**Provided entries:**
------------------------
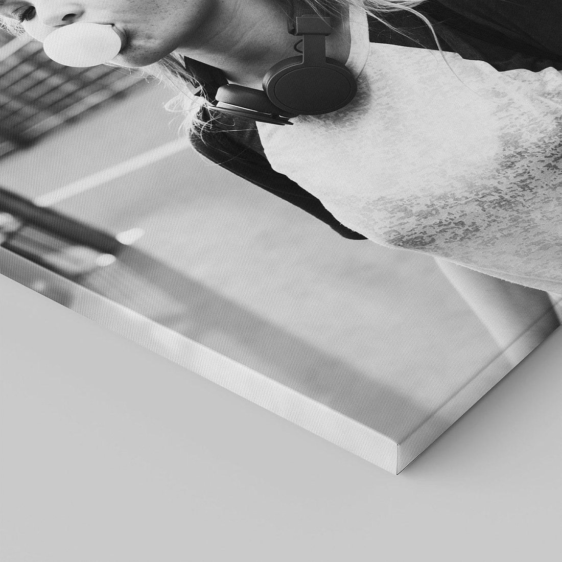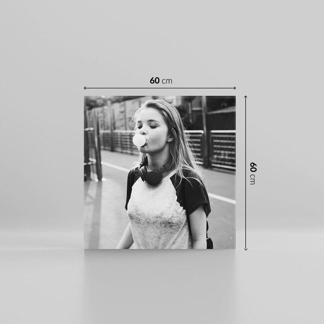 To nowoczesne czarno-białe zdjęcie przedstawia młodą dziewczynę w trakcie zabawy, gdzie robi balony z gumy. Zdjęcie ukazuje radość i beztroską chwilę młodości. Czarno-biała paleta kolorów dodaje zdjęciu elegancji i klasycznego wyglądu, a jednocześnie uchwyciła chwilę współczesności. To idealna fotografia do nowoczesnych wnętrz, które doceniają wyrażenie młodzieńczej radości i spontaniczności.
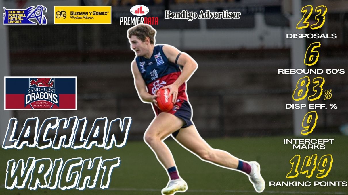 Lachlan was pivotal to the Dragons commanding victory over South Bendigo putting together an intercept marking clinic, pulling down 9 marks from opposition kicks. Wright leads the league with 26 intercept marks, more than DOUBLE anyone else
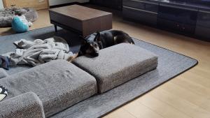 今日も上手にソファーにアゴを置いて寝転んでいます。
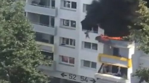Heróico comportamiento en este barrio de #Grenoble. Dos niños de 3 y 10 años están atrapados por las llamas. No hay más salvación que tirarse. Los vecinos piden al mayor que lance al pequeño, a quien recogen en sus brazos. Después, se tira el más mayor. Los dos están a salvo. pic.twitter.com/Uqqd2B2qTg
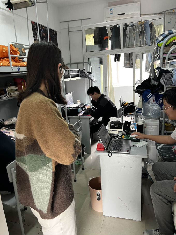 为了解智能建造学院21级在校学生线上学习和校园生活情况,3月30日下午,学院党总支副书记余波与21级辅导员戎婷竹老师前往21级男生宿舍进行走访。
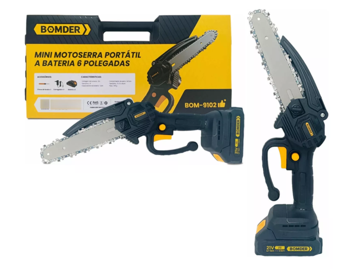 MINI MOTOSSERRA NA MALETA 6" RECARREGAVEL C/2 BATERIAS 21V BOM-9102
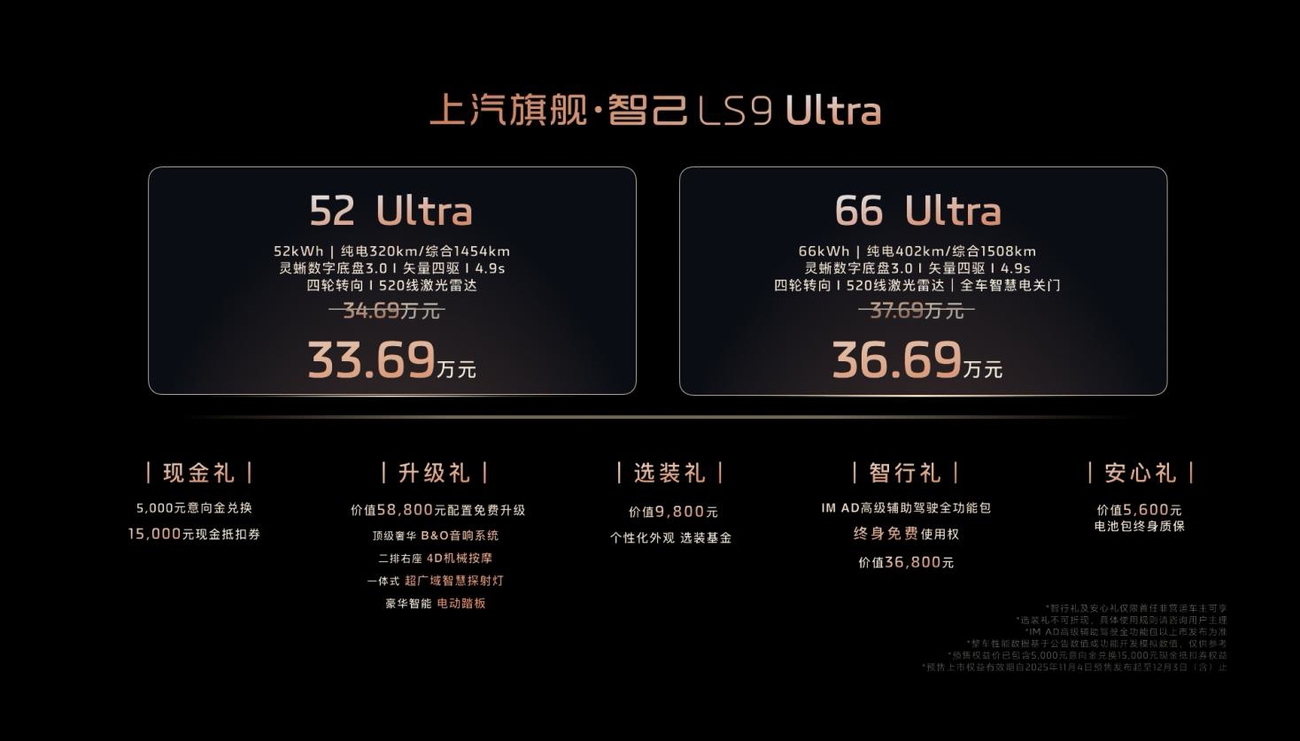 2025年11月4日,上汽旗舰·智己LS9全球首发并正式开启预售。新车重磅首发两个超级增程版本,全系皆Ultra:52 Ultra版,预售权益价33.69万元;66 Ultra版,预售权益价36.69万元。作为汇聚上汽集团70年造车底蕴,集全球顶尖技术打造的旗舰之作,智己LS9以“两大跨代际硬核科技+两大智能时代最强创新”的绝对实力,一举颠覆30万级大六座SUV市场格局,正式宣告9系新王诞生!
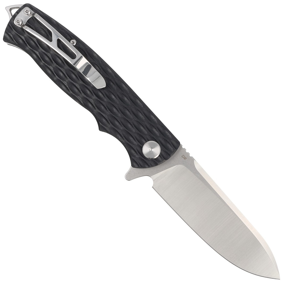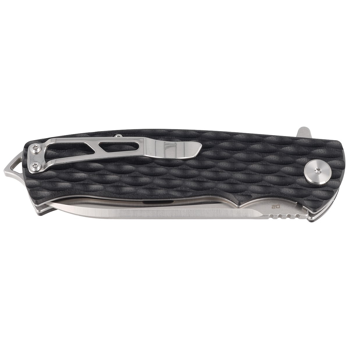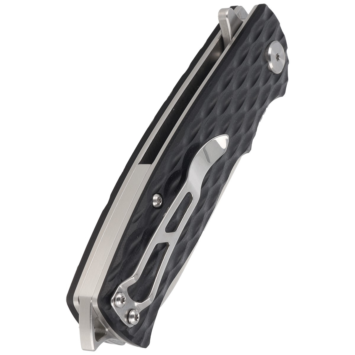 Rękojeść - okładziny z czarnego kompozytu G10, praktycznie niezniszczalnego tworzywa niewrażliwego na warunki atmosferyczne, odpornego na chemikalia i uszkodzenia mechaniczne Fazowane krawędzie okładek eliminują ostre ranty a charakterystyczne teksturowanie powierzchni poprawia pewność uchwytu. Masywny backspacer do którego przymocowano okładziny gwarantuje sztywność i wytrzymałość całej konstrukcji. Zakończenie backspacera wystaje poza obrys rękojeści tworząc kolec mogący służyć w awaryjnych sytuacjach jako zbijak do szyb lub narzędzie samoobrony. Jednopozycyjny, prawostronny klips umożliwia przenoszenie noża w pozycji tip-up, czubkiem ostrza ku górze.
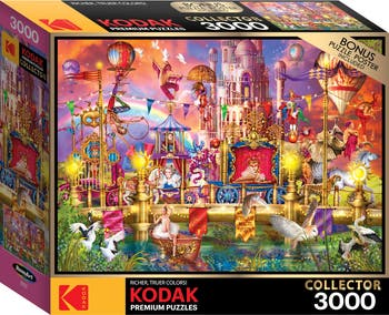 ROSEART: KODAK PREMIUM - MAGIC CIRCUS PARADE - 3000 PIECE PUZZLE - Step into a world of enchantment with Kodak Premium 3000 piece jigsaw puzzles, showcasing the mesmerizing "Magic Circus Parade" by Ciro Marchetti. Embark on a whimsical journey filled with fantastical creatures, clowns, and acrobats aboard a magical circus train. These puzzles epitomize the pinnacle of brightness, richness, and color vibrancy, ensuring an immersive puzzling experience like no other. Crafted with meticulous attention to detail, each puzzle piece is mounted on European premium puzzle board, exuding unparalleled quality and durability. Feel the satisfying weight of each piece as you navigate through the intricate design, experiencing the seamless interlocking and the delightful "snap" that accompanies every placement. Upon completion, marvel at your masterpiece, measuring an impressive 42" x 30", a testament to your dedication and skill. Perfect for gifting, these puzzles offer an exceptional opportunity to bond with friends and family, fostering moments of joy, laughter, and camaraderie. Plus, each puzzle includes a bonus poster, serving as a valuable reference guide to aid in the assembly process and enhance your puzzling journey. Treat yourself or a loved one to the magic of puzzling with Kodak Premium today!
------------------------
**Assignment:** Could the stretch from the line with "为了解智能建造学院21级在校" through the line with "Rękojeść - okładziny z czarnego" in the listing above be restated word for word, minus the pictures?

**Solution:**
 为了解智能建造学院21级在校学生线上学习和校园生活情况,3月30日下午,学院党总支副书记余波与21级辅导员戎婷竹老师前往21级男生宿舍进行走访。
 MINI MOTOSSERRA NA MALETA 6" RECARREGAVEL C/2 BATERIAS 21V BOM-9102
 2025年11月4日,上汽旗舰·智己LS9全球首发并正式开启预售。新车重磅首发两个超级增程版本,全系皆Ultra:52 Ultra版,预售权益价33.69万元;66 Ultra版,预售权益价36.69万元。作为汇聚上汽集团70年造车底蕴,集全球顶尖技术打造的旗舰之作,智己LS9以“两大跨代际硬核科技+两大智能时代最强创新”的绝对实力,一举颠覆30万级大六座SUV市场格局,正式宣告9系新王诞生!
 Rękojeść - okładziny z czarnego kompozytu G10, praktycznie niezniszczalnego tworzywa niewrażliwego na warunki atmosferyczne, odpornego na chemikalia i uszkodzenia mechaniczne Fazowane krawędzie okładek eliminują ostre ranty a charakterystyczne teksturowanie powierzchni poprawia pewność uchwytu. Masywny backspacer do którego przymocowano okładziny gwarantuje sztywność i wytrzymałość całej konstrukcji. Zakończenie backspacera wystaje poza obrys rękojeści tworząc kolec mogący służyć w awaryjnych sytuacjach jako zbijak do szyb lub narzędzie samoobrony. Jednopozycyjny, prawostronny klips umożliwia przenoszenie noża w pozycji tip-up, czubkiem ostrza ku górze.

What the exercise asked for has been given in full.